Matahari mulai tampak menua, satu persatu penonton tak henti-hentinya memasuki area pertunjukan. Tepat pukul 16.00 WIB, Jason Ranti naik ke atas panggung. Seorang musisi kocak, yang acap kali menyelipkan sindiran-sindiran satir yang dikemas dengan jenaka ini berhasil menghibur penonton lewat celetukanya. Stephanie Anak Seni, Suci Maksimal, serta Bahaya Komunis pun tidak lupa dibawakanya. Berkali-kali penonton dibuat ngakak oleh solois yang mengaku obrolan di warung, jalanan dan kampung-kampung sebagai inspirasi terbesarnya dalam berkarya.

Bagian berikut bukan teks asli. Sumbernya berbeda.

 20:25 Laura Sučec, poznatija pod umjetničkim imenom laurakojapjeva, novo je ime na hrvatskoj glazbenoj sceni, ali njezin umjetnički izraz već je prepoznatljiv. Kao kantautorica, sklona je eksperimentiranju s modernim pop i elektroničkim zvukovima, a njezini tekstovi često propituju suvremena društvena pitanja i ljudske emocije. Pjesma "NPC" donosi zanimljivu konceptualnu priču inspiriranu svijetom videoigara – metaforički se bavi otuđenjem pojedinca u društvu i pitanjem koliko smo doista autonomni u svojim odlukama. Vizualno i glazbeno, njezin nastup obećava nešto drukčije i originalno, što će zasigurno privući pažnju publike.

Hari mulai gelap, pasca rehat sejenak, AriReda mengajak penonton turut ikut dalam perjalanan puisi yang mereka rapal bak sebuah doa. Payung Teduh, float juga mengajak audiens bernostalgia dan larut dalam kor-kor panjang yang tak henti-hentinya dilantunkan. Monita Tahalea dan Danilla juga bermain dengan maksimal. Serta Stars and Rabbit, menutup perhelatan dengan tembang-tembang dari album Constelation.
“Tahun ini luar biasa, tempatnya sangat mengasyikan. Kami senang berada disini. Dengar-dengar tahun depan akan ada sisipan literasi juga. Kalau jadi, wah sangat seru!” celetuk Reda Gauditomo, vokalis dari duo AriReda.

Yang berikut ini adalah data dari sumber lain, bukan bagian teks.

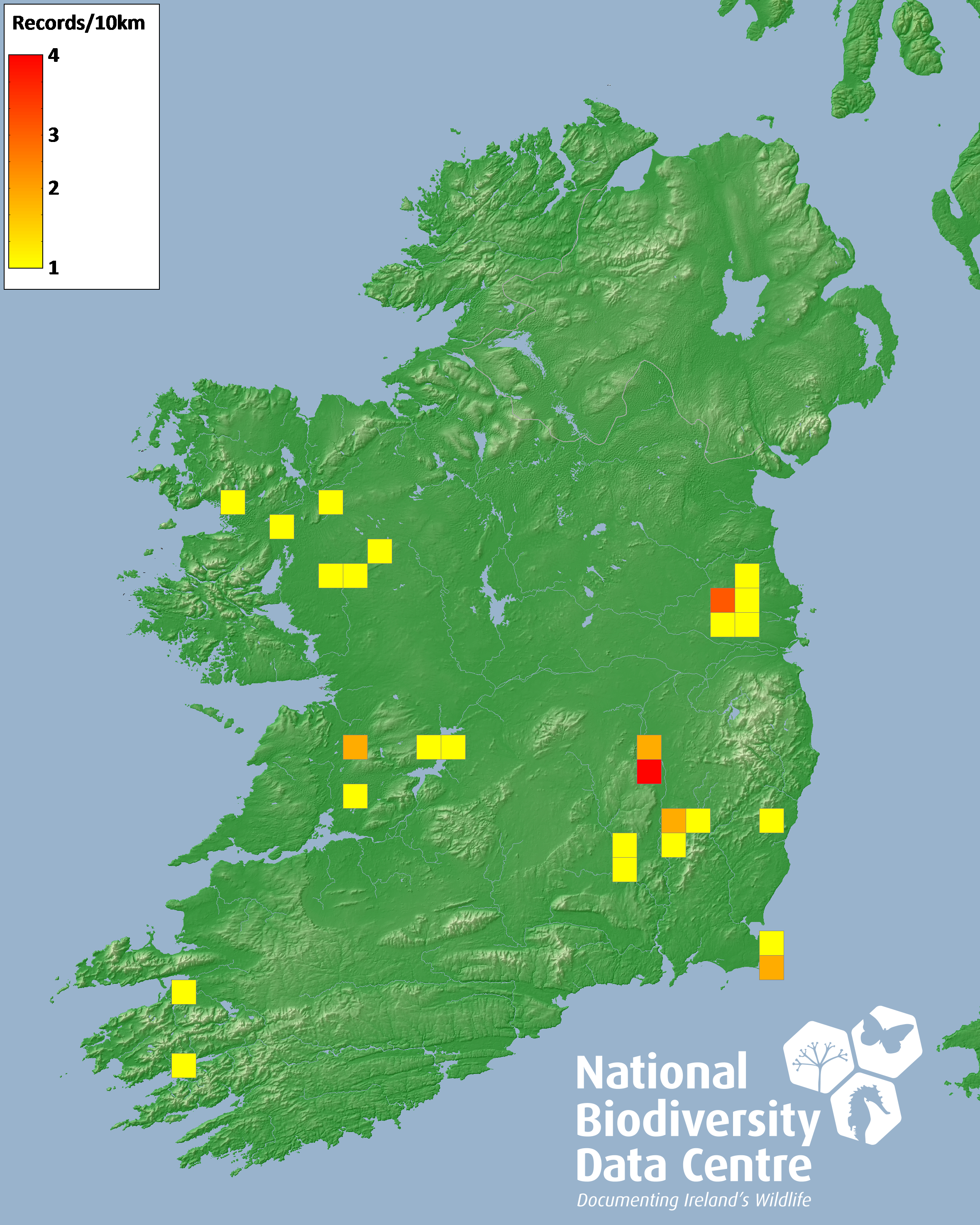 Distribution of the number of records recorded within each 10km grid square (ITM).Marine Map - 50km

FMF adalah representasi bahwa festival musik yang baik tidak melulu soal hingar bingar. Namun bagaimana perhelatan tersebut menjadi ruang hangat bagi para penonton, tidak hanya soal menikmati music, namun juga bercengkrama dengan kawan lama ataupun keluarga. Dan FMF adalah ruang baru, yang tidak pernah kehabisan akal dalam menciptakan kehangatan, dan menyisahkan sepucuk kerinduan.